The savings are significant; TMO has been running on millions of Facebook servers for over a year, saving up to almost a third of memory per server. While this would likely be insignificant across dozens or even hundreds of servers, the sheer scale of Facebook presents a unique challenge.
Analysis: Facebook's gigantic appetite for RAM
The world's largest social network has almost three billion monthly active users and millions of servers in 21 locations around the world. If each server had an average of 128 GB of RAM, that would represent 256 million GB (or 256 PB) of RAM, which, at an average cost of €4 per GB (DDR4 ECC RAM), represents approximately €1 billion memory That's assuming Facebook has at least two million servers (the Facebook blog cited "millions of servers" as early as July 2018), and the actual number is likely to be much higher.
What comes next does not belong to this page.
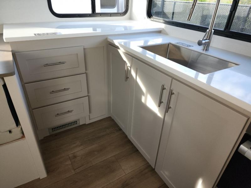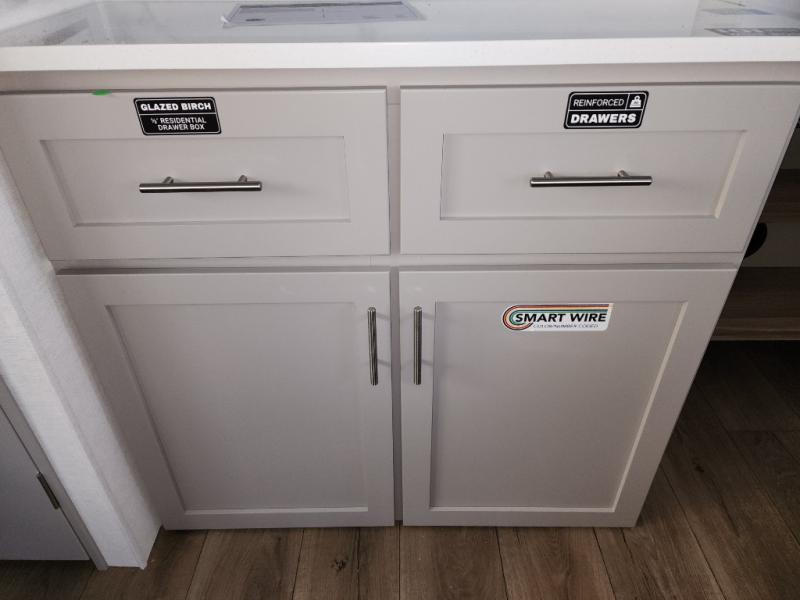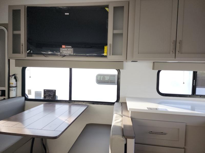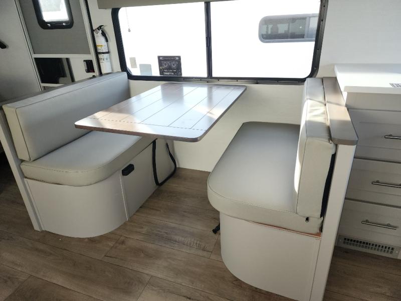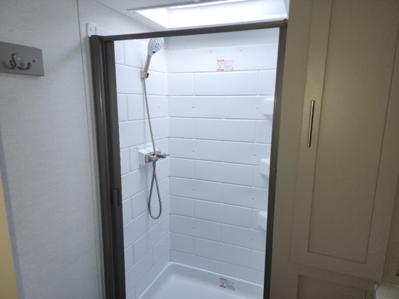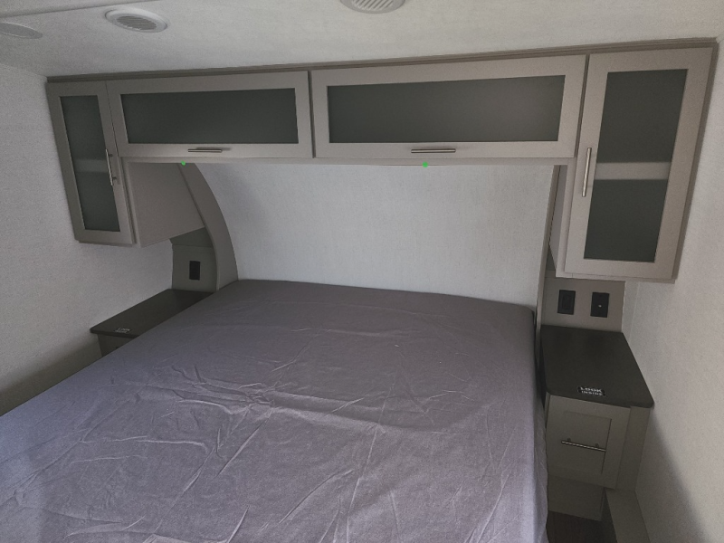 A benchmark chassis creates a space saver upper deck with each one of these Avenue All-Access fifth wheels by Alliance RV! The 101 in. wide-body construction gives you more room to walk around and the flush slide out floors throughout prevent any tripping. There are Azdel composite sidewalls inside and out, and a seamless fully walkable PVC roof for extreme durability and zero maintenance. You are sure to love no carpet throughout making each Avenue All-Access easy to clean and allergen free, not to mention pet friendly. You can maximize your space throughout with innovative storage solutions like the hidden storage behind the TV, inside the end tables, ottoman, and dinette chairs. These units also include the OTG Solar Package with a 200 watt solar panel, 15 amp MPPT charger, multiple outlets, and more to keep you powered up!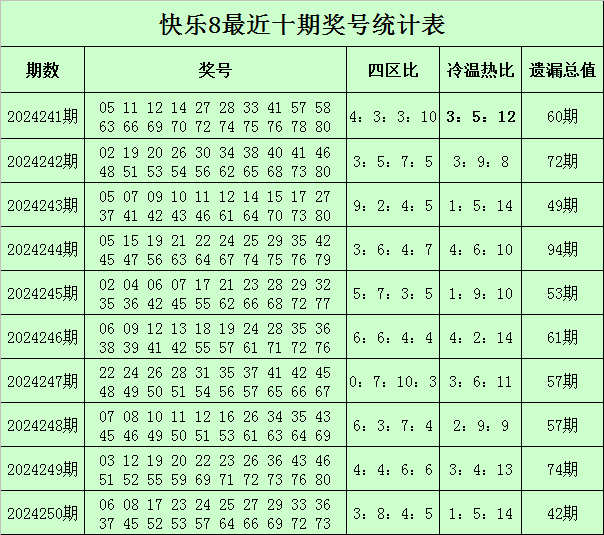 福彩快乐8第2024250期开奖回顾:06 08 17 23 24 25 27 29 33 36 37 45 52 53 57 64 66 69 72 73,其中奖号四区比为3:8:4:5,冷温热码比为1:5:14,遗漏总值为42。

Figures presented by the team that worked on TMO showed that memory cost is a third of Meta's server BOM, with compressed RAM and SSD accounting for less than 11%. More worryingly, the cost of RAM (as a percentage of total infrastructure) has more than doubled since Facebook launched its first generation of servers (it's currently in its fourth).
The adoption of TMO has some drawbacks; more specifically, performance degradation. But the gains in power and memory savings far outweigh the drawbacks, and future iterations combined with hardware improvements (for example, faster SSDs or CXLs) will provide further mitigation.